● ASSIGNMENT:
Lines below starting with the line with "Heart Harmony Necklace" and going on through the line with "西部賽區(qū)報(bào)" must be output exactly; the rest of the records must be left out.

--- RECORDED DATA ---

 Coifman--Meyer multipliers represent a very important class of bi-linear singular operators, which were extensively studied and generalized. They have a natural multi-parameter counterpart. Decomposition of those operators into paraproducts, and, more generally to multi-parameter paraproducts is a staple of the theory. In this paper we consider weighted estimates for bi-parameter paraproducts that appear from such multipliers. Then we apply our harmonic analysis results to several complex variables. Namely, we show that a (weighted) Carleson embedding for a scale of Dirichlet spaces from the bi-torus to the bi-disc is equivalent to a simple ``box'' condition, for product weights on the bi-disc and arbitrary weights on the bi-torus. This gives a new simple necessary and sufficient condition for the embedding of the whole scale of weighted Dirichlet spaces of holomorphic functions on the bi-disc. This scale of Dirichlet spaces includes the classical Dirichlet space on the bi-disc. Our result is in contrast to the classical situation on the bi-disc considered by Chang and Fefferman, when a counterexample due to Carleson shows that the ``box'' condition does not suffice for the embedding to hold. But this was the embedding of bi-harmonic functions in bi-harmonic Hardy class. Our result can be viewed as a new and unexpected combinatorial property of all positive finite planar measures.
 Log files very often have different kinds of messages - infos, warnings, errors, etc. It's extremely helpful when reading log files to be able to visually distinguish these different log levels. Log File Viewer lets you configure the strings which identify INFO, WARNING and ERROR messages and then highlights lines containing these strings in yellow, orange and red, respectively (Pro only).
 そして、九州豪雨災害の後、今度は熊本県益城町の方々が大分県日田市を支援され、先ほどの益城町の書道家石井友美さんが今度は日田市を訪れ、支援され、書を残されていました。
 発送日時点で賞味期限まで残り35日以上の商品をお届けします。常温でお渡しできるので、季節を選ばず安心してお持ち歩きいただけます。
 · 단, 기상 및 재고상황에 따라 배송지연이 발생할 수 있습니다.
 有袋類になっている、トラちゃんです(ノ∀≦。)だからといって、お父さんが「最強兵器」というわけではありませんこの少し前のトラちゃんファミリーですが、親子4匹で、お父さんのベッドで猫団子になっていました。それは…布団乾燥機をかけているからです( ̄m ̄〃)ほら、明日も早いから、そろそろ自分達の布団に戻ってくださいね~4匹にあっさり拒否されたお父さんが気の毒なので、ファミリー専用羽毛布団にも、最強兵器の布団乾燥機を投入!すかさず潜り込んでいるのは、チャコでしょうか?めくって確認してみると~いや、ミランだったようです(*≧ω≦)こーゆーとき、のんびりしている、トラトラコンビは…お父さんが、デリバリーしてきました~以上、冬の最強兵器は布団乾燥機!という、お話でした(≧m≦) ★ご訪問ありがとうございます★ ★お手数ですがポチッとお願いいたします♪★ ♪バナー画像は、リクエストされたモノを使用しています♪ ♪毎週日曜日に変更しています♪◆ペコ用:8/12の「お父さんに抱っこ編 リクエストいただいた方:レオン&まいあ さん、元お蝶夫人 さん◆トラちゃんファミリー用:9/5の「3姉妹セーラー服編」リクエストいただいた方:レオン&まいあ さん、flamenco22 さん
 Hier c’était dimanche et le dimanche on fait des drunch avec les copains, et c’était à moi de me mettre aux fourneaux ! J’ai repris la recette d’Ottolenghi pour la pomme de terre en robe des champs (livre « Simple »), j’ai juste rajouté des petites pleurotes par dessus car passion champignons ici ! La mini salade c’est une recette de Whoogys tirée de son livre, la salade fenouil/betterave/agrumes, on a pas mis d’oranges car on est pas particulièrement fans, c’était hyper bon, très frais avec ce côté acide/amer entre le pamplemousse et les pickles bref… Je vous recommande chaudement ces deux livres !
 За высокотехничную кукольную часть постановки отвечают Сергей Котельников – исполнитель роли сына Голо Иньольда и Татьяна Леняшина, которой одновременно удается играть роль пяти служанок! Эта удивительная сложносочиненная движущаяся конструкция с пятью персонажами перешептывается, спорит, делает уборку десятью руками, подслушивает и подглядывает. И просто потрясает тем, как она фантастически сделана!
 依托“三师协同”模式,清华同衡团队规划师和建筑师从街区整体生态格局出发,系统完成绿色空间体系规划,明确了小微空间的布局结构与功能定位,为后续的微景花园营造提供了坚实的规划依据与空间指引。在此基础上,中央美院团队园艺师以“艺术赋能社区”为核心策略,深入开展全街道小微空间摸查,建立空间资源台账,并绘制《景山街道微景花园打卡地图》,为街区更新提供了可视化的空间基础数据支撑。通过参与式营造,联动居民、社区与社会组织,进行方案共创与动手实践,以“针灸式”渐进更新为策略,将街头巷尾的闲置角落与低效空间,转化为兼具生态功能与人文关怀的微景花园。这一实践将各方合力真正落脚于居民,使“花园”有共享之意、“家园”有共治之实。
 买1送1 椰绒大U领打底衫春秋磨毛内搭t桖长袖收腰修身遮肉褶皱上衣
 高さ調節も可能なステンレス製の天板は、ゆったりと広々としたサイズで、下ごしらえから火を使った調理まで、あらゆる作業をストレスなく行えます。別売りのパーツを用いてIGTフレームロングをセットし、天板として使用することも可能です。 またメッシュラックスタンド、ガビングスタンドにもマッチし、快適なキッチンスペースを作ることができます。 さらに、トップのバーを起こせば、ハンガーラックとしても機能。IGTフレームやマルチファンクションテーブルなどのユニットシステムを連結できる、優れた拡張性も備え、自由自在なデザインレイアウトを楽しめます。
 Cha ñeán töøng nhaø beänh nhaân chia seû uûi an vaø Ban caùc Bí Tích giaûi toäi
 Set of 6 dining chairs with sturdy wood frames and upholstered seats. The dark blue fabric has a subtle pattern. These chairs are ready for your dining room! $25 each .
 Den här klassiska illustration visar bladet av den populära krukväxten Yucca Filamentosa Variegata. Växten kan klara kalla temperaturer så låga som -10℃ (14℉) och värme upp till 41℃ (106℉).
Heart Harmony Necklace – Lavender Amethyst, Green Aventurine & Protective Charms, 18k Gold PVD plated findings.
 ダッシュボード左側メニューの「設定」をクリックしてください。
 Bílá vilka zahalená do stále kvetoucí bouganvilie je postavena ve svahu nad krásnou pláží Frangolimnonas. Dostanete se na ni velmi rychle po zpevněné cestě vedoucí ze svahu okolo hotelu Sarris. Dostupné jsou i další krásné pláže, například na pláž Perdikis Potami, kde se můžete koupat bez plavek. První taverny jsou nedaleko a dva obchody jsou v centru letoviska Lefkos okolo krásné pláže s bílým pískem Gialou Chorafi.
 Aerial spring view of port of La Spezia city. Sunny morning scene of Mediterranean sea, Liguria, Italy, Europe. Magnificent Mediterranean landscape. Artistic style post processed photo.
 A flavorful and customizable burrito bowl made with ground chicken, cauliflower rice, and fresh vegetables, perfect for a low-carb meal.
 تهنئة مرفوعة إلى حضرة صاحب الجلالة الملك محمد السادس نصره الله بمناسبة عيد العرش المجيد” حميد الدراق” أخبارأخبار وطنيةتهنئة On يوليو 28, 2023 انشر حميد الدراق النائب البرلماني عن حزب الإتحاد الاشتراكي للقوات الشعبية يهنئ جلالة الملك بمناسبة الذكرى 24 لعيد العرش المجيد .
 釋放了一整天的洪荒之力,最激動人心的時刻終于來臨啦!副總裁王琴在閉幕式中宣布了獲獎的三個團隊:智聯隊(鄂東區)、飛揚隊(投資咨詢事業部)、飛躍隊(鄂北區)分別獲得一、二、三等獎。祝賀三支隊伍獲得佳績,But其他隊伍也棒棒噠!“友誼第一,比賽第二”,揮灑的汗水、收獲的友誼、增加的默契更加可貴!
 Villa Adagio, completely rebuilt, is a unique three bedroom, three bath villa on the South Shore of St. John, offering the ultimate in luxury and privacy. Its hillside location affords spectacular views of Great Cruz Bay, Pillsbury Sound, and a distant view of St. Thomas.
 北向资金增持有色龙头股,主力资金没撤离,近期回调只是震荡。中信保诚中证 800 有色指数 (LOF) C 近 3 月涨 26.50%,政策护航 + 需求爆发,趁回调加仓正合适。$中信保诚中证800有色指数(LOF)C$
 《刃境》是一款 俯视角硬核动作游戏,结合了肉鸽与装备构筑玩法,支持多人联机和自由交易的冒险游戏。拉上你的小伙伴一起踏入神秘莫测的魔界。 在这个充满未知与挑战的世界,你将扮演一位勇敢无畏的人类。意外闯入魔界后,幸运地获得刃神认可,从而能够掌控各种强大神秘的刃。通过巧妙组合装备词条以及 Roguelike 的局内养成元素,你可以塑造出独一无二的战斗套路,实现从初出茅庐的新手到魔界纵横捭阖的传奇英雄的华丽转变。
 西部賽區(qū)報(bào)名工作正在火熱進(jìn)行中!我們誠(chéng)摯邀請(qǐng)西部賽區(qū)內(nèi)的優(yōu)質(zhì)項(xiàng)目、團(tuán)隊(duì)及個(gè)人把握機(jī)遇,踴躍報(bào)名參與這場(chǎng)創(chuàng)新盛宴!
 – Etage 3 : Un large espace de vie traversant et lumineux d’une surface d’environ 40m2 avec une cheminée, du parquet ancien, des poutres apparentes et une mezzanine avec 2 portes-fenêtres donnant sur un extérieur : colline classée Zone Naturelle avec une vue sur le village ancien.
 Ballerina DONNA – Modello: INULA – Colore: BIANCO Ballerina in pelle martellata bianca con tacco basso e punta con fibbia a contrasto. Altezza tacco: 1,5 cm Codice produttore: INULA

---

● EXERCISE SOLUTION:
Heart Harmony Necklace – Lavender Amethyst, Green Aventurine & Protective Charms, 18k Gold PVD plated findings.
 ダッシュボード左側メニューの「設定」をクリックしてください。
 Bílá vilka zahalená do stále kvetoucí bouganvilie je postavena ve svahu nad krásnou pláží Frangolimnonas. Dostanete se na ni velmi rychle po zpevněné cestě vedoucí ze svahu okolo hotelu Sarris. Dostupné jsou i další krásné pláže, například na pláž Perdikis Potami, kde se můžete koupat bez plavek. První taverny jsou nedaleko a dva obchody jsou v centru letoviska Lefkos okolo krásné pláže s bílým pískem Gialou Chorafi.
 Aerial spring view of port of La Spezia city. Sunny morning scene of Mediterranean sea, Liguria, Italy, Europe. Magnificent Mediterranean landscape. Artistic style post processed photo.
 A flavorful and customizable burrito bowl made with ground chicken, cauliflower rice, and fresh vegetables, perfect for a low-carb meal.
 تهنئة مرفوعة إلى حضرة صاحب الجلالة الملك محمد السادس نصره الله بمناسبة عيد العرش المجيد” حميد الدراق” أخبارأخبار وطنيةتهنئة On يوليو 28, 2023 انشر حميد الدراق النائب البرلماني عن حزب الإتحاد الاشتراكي للقوات الشعبية يهنئ جلالة الملك بمناسبة الذكرى 24 لعيد العرش المجيد .
 釋放了一整天的洪荒之力,最激動人心的時刻終于來臨啦!副總裁王琴在閉幕式中宣布了獲獎的三個團隊:智聯隊(鄂東區)、飛揚隊(投資咨詢事業部)、飛躍隊(鄂北區)分別獲得一、二、三等獎。祝賀三支隊伍獲得佳績,But其他隊伍也棒棒噠!“友誼第一,比賽第二”,揮灑的汗水、收獲的友誼、增加的默契更加可貴!
 Villa Adagio, completely rebuilt, is a unique three bedroom, three bath villa on the South Shore of St. John, offering the ultimate in luxury and privacy. Its hillside location affords spectacular views of Great Cruz Bay, Pillsbury Sound, and a distant view of St. Thomas.
 北向资金增持有色龙头股,主力资金没撤离,近期回调只是震荡。中信保诚中证 800 有色指数 (LOF) C 近 3 月涨 26.50%,政策护航 + 需求爆发,趁回调加仓正合适。$中信保诚中证800有色指数(LOF)C$
 《刃境》是一款 俯视角硬核动作游戏,结合了肉鸽与装备构筑玩法,支持多人联机和自由交易的冒险游戏。拉上你的小伙伴一起踏入神秘莫测的魔界。 在这个充满未知与挑战的世界,你将扮演一位勇敢无畏的人类。意外闯入魔界后,幸运地获得刃神认可,从而能够掌控各种强大神秘的刃。通过巧妙组合装备词条以及 Roguelike 的局内养成元素,你可以塑造出独一无二的战斗套路,实现从初出茅庐的新手到魔界纵横捭阖的传奇英雄的华丽转变。
 西部賽區(qū)報(bào)名工作正在火熱進(jìn)行中!我們誠(chéng)摯邀請(qǐng)西部賽區(qū)內(nèi)的優(yōu)質(zhì)項(xiàng)目、團(tuán)隊(duì)及個(gè)人把握機(jī)遇,踴躍報(bào)名參與這場(chǎng)創(chuàng)新盛宴!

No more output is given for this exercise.